The Australian Securities and Investments Commission (ASIC) announced Thursday that it had reviewed financial reports for the year ending 30 June 2020 for 170 listed companies.
This resulted in the regulator contacting 27 companies regarding 58 different matters to demand a ‘please explain’.
Issues around disclosures about the effect of COVID-19 dominated this year’s enquiries.
“Many companies made useful and meaningful disclosures on the impact of COVID-19 conditions. However, some entities with businesses adversely affected by the pandemic did not appear to give sufficient attention to the reporting of asset values and financial position,” stated ASIC.
The commission also enquired when it thought the company “made unrealistic and unsupportable assumptions about future cash flows“.
Four of the 27 companies have been let off so far, while investigations into the other 23 are continuing.
$60 million of profit wiped from 4 companies
An ASX company is sometimes compelled to amend its reported numbers after an ASIC enquiry.
Collectively $60 million of profit was wiped from these companies due to the corrections.
ASIC did acknowledge that the coronavirus pandemic would have forced many companies to use “probability-weighted scenarios” to come up with their figures.
A simple disclosure of assumptions in the financial report would have covered this, according to the commission.

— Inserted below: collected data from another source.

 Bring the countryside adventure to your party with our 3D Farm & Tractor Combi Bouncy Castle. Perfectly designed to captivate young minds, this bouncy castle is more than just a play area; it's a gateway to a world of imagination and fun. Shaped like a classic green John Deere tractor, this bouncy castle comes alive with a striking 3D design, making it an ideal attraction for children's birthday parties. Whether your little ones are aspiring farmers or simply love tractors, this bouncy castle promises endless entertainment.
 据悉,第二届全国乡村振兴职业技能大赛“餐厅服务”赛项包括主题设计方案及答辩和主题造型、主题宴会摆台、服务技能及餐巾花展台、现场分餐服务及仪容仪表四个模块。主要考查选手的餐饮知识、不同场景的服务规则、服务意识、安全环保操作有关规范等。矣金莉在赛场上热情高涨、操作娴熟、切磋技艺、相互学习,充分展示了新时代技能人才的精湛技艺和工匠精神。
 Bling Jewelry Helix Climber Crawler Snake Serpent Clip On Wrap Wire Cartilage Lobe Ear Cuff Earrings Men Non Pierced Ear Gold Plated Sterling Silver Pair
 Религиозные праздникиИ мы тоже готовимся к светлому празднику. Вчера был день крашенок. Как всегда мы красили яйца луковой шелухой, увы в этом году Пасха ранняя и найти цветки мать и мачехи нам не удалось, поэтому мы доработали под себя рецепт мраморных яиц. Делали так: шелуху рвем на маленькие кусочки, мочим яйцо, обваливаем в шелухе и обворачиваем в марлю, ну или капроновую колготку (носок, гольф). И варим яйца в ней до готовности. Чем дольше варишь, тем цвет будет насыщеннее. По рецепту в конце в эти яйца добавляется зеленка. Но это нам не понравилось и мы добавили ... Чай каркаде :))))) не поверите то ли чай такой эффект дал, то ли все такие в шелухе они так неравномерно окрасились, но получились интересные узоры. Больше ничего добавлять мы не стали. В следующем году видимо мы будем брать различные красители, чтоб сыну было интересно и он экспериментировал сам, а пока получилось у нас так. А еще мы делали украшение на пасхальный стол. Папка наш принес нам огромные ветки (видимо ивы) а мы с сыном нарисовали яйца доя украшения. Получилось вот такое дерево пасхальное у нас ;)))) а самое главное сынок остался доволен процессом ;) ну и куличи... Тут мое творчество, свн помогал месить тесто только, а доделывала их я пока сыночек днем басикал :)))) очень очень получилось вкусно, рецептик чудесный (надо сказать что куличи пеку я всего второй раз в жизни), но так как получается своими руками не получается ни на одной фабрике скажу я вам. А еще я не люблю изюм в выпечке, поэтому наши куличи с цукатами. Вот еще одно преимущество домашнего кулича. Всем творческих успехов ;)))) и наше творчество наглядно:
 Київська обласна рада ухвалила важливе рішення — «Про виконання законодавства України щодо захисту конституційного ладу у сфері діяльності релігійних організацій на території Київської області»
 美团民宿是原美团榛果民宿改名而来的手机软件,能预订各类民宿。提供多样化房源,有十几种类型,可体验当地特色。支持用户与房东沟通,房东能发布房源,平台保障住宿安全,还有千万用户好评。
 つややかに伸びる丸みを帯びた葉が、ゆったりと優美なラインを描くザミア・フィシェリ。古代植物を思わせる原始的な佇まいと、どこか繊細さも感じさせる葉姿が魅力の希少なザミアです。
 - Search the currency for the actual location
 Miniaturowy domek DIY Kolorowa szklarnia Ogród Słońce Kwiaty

Listed companies need to improve to keep investors sufficiently informed.
“Our findings emphasise that directors and auditors need to focus on impairment of non-financial assets given the extended impact of the COVID-19 pandemic, to ensure that the market is properly informed about asset values and the expected future performance implied by those values,” stated ASIC.
ASIC had previously warned that directors are “primarily responsible” for the quality of the company’s financial report.
“Companies should apply appropriate experience and expertise, particularly in more difficult and complex areas of accounting policies and estimates.”